Les Nations Unies doivent devenir plus démocratiques et servir de la même manière tous les Etats. Le mot clef de la Charte, est “Nous les Peuples”. Nous devons mettre fin aux divisions de l’humanité, et rejeter toutes les formes de discrimination et d’exploitation. Le développement doit devenir plus inclusif. La pauvreté est un crime contre l’humanité perpétré par ceux qui peuvent la soulager mais ne le font pas, et les dépenses d’armements devraient être arrêtées pour, au contraire, nourrir les bouches affamées et sauver des enfants. La démocratie, le développement et la paix sont des facettes d’une même réalité. La mondialisation doit être transformée en une force positive au bénéfice de tous. Elle doit unir et non diviser, et apporter des bienfaits au lieu de démunir les peuples.

Les pays les moins développés ont besoin de plus de traitements préférentiels. Les femmes doivent pouvoir prendre leur avenir en mains, partout dans le monde. Les jeunes doivent avoir une chance de réaliser leur plein potentiel. Des familles fortes doivent être les pierres angulaires de la société. Les valeurs morales sont indispensables pour construire un ordre mondial plus sensible aux êtres humains, et notre quête du progrès doit bénéficier d’un environnement durable. Nous n’avons pas le droit de détruire la Terre. Les dommages à l’environnement doivent prendre fin et le réchauffement de la planète arrêté. Tous les pays dont les territoires sont menacés par la montée des eaux doivent être sauvés. Pour toutes ces raisons, nous avons besoin d’une

Organisation des Nations Unies plus forte et plus juste. Quand notre Organisation se réunira de nouveau dans 100 ans, les Maldives et les autres nations insulaires existeront-elles toujours? Il serait pitoyable de partir de ce Sommet sans prendre d’engagements fermes pour sauver la Terre. Mais le monde se préoccupe-t- il vraiment de nous ? Pouvons-nous croire que l’humanité est réellement “une”?

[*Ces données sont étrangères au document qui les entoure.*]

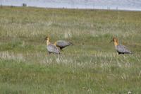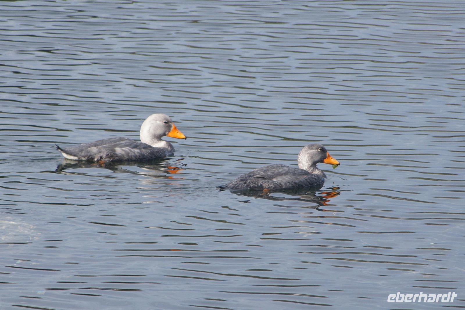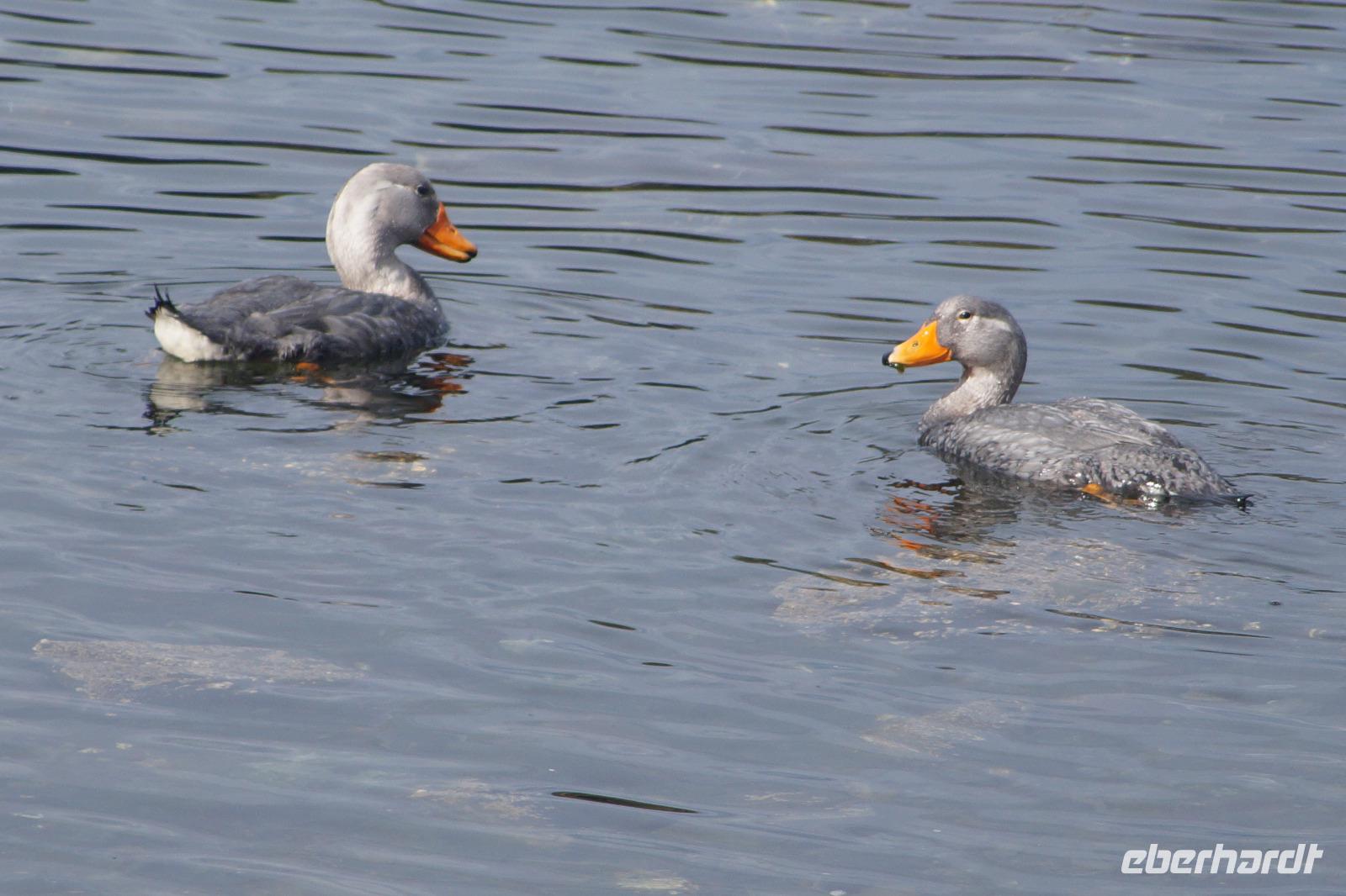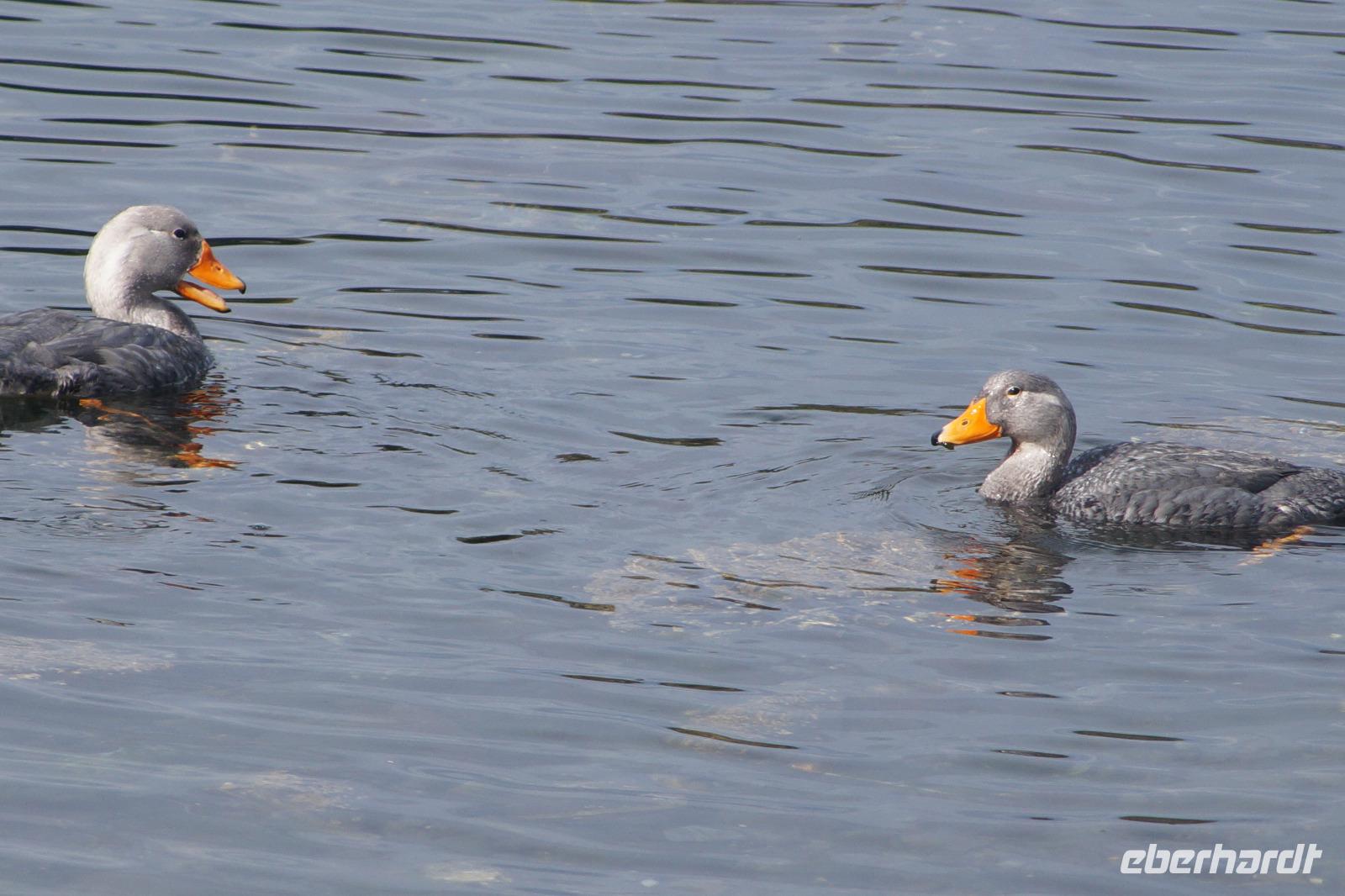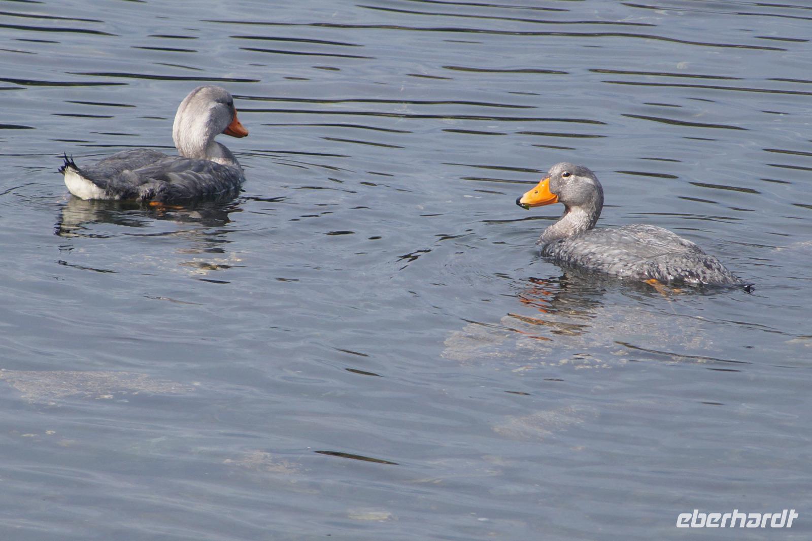 Die Königspinguinkolonie ist noch ziemlich jung, derzeit sind es etwa 90 Tiere, die regelmäßig hierherkommen, um zu brüten, die Männchen und Weibchen, so wurde uns erklärt, unterschieden sich kaum voneinander, einen ausgeprägten Dimorphismus, wie bei anderen Vogelarten gebe es nicht. Die Königspinguine sind etwa doppelt so groß, wie die Magellanpinguine und natürlich viel hübscher anzusehen. Aber auch ein bisschen wneiger aktiv. Die Schnäbel der männlichen Tiere seien - so wurde uns erklärt - etwas länger, als die der Weibchen. Nur waren wir so wiet entfernt, dass wir nur schwer ein Maßband anhalten konnten. Die Kolonie liegt von der Bahía Inútil (der unbrauchbaren Bucht) vom steifen Wind der Magellanstraße nur durch etwas Gras geschützt auf einem Schotterstrand, hinter einem Bach. Hauptfeind der Pinguinkolonie ist der patagonische Fuchs, der hin und wieder mal ein Ei stibitzt. Bei zwei Eiern auf drei Jahren ist das natürlich fatal.

M. SAM NUJOMA, Président de la République de Namibie : Il y a 50 ans, les fondateurs des Nations Unies avaient décidé, ensemble, de “sauver les générations futures du fléau de la guerre”. Nous avons fait des progrès significatifs dans notre effort commun pour mettre fin aux systèmes colonialistes déshumanisants, au racisme et à la tyrannie de l’apartheid. Toutefois, nous devons encore faire en sorte que les peuples de Palestine et du Sahara occidental regagnent leur dignité et leur droit inaliénable à l’auto-détermination.

Au cours de la dernière décennie du siècle, les Nations Unies ont sponsorisé de nombreuses conférences importantes où nous avons déclaré solennellement que le sous-développement et la pauvreté qui en découlent constituaient des insultes à l’humanité. La question est aujourd’hui : Avons-nous la volonté politique nécessaire, la morale, le courage et les stratégies appropriées pour combattre la pauvreté. Nous ne pouvons célébrer nos réalisations dans les domaines de la science et de la technologie alors que des millions de nos frères humains continuent de vivre dans le dénuement et la famine. La disparité flagrante entre le nord et le sud est la question la plus pressante de notre époque.

Au seuil du nouveau millénaire, les Nations Unies doivent mener une réflexion critique et sobre sur leurs capacités et leur niveau de préparation pour maintenir la paix et la sécurité. Les Etats Membres des Nations Unies ne peuvent et ne doivent pas abdiquer leur responsabilité dans le maintien de la sécurité collective. Le succès dans la lutte contre la pandémie de VIH-SIDA nécessite, d’une part, des efforts rapides et coordonnés de la part des dirigeants politiques, spirituels et des dirigeants d’entreprises. D’autre part, les entreprises pharmaceutiques doivent instamment fournir à ces millions de personnes atteintes du Sida des médicaments à un prix abordable.

Sa Majesté, le ROI ABDULLAH II de Jordanie : Le Sommet du millénaire est l’occasion de déclarer notre engagement à adhérer à une nouvelle vision d’un ordre qui recherche la justice et la protège, qui crée des opportunités et les saisit, et d’abord et avant tout qui prône des valeurs morales universelles et les défend. Un tel ordre conduirait à un nouveau code de conduite propre à prévenir les conflits et à établir des mécanismes pratiques de coopération. Un tel ordre tirerait aussi les leçons du passé pour donner un nouveau souffle à la responsabilité internationale, une responsabilité qui réponde aux besoins futurs. Il s’agit, en fait, d’une vision du monde qui nous permettra de relever ce qui apparaît comme le défi le plus important du nouveau millénaire, à savoir la consolidation des droits de l’homme et du développement humain des peuples du monde.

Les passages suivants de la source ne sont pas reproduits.